I don’t know if it was the tenderness in the children’s voices, the image in my head of the death and destruction wreaked on Japan by the quake and the tsunami, or the still mounting threat of massive nuclear explosion, but something in that mix of fear and hope of a family for their loving mother released a flood of emotion in my heart and I started sobbing. Why did those mongooses kill my chickens if they did not want to eat them? Copious warm tears streamed from my eyes down my unshaven face and stirred a wave of quivering and pain in my facial muscles. I rushed in for some painkillers but the bigger torment of my soul continued.

The BBC now was reporting on Ireland’s economic woes: one interviewee after another decried their bad luck and the loss of their racehorses to slaughterhouses or euthanasia. I placed a call to my friend, Rita MacGahey and left a message wishing her a happy St. Patrick’s Day. I could hardly hide my sobbing till I finished recording my message.

I checked my email: Well, I was only one day late.
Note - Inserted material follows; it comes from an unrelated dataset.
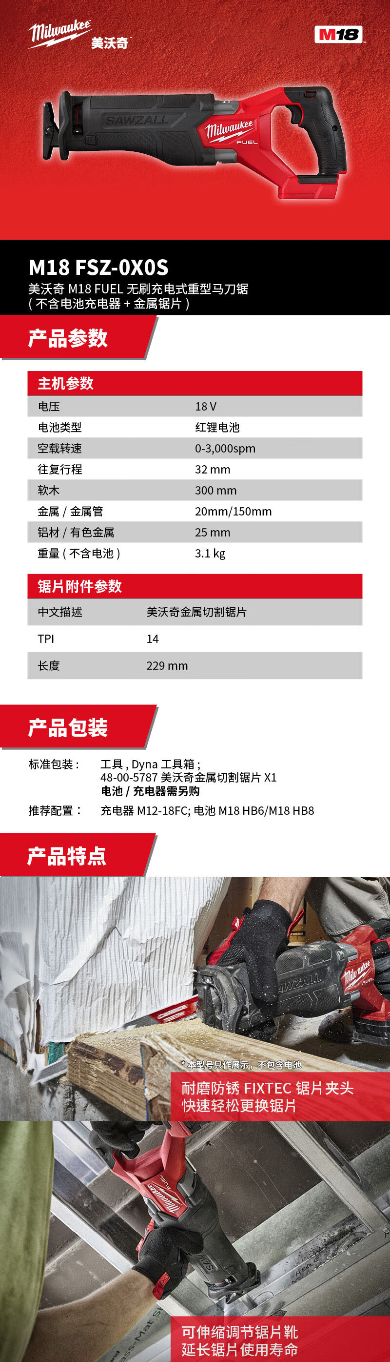 > 美沃奇 M18 FSZ-0X0S M18 FUEL无刷充电式重型马刀锯(不含电池充电器+金属锯片)

March 16 was the eighth anniversary of Rachel Corrie’s murder while defending Palestinian homes in Gaza against Israel’s army caterpillars. I uploaded two brief videos from U-Tube in which Rachel’s parents remember their daughter and remind us all of her universal message of care and love, a message that has succeeded to involve Cindy and Craig Corrie in human rights issues in Palestine and beyond. “She became our eyes and ears in Gaza,” Cindy declares and goes on to read from her lovely daughter’s letters home. What motivates youth to face up to injustice that threatens lives totally unrelated to their own? What did Gaza and the Palestinians have to do with Rachel? Why bother with people so different from your own in the first place? Or are all people one and the same?
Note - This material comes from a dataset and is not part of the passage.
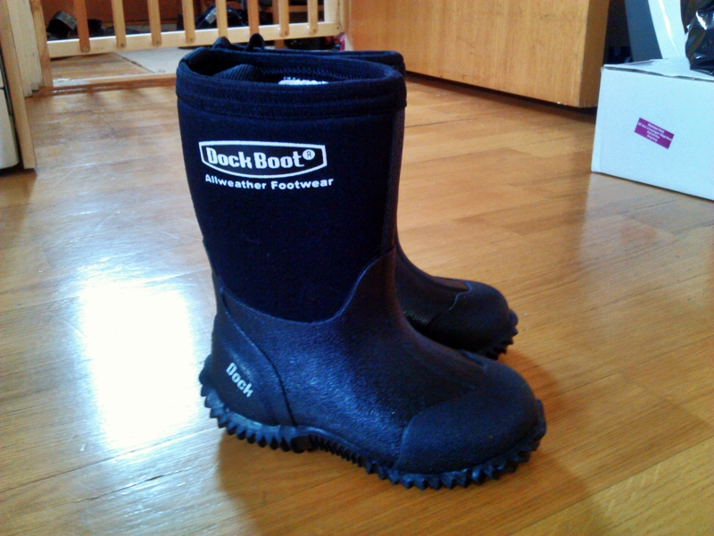 Sv: Vårfottøy til snart-toåringDockboots finnes i to varianter. En med gummi opp til anklene, og en med gummi opp til skaftet. De siste er best for unger som bader i dammer. De andre holder rimelig bra, så lenge man har bukse over.

The answer comes to me in the rush of tears in my eyes. I am overwhelmed with sadness and sympathy for the Japanese, for the Libyans, for the Irish and for the Corries. But many questions remain unanswered: Did the Israeli D-9 Caterpillar driver realize as he obeyed orders to crush Rachel to death that he was robbing her parents of their ability to see and hear us the Palestinians? Or was that the reason he committed his crime in the first place? He seemed to have taken leave of his memory and his humanity with that split moment of murderous decision. Hate may have rendered him blind and deaf to Rachel’s humanitarian message. How can we reach the humane core in all of us, even the criminal ones, and appeal to its yearning to preserve its own senses? Why the unnecessary and random killing? How can we reach all the loose nasty mongooses and the hyenas?

I have practiced medicine for some four decades without having had a clue as to this surprising symptom of a common cold: becoming emotionally labile as an early sign of recovery.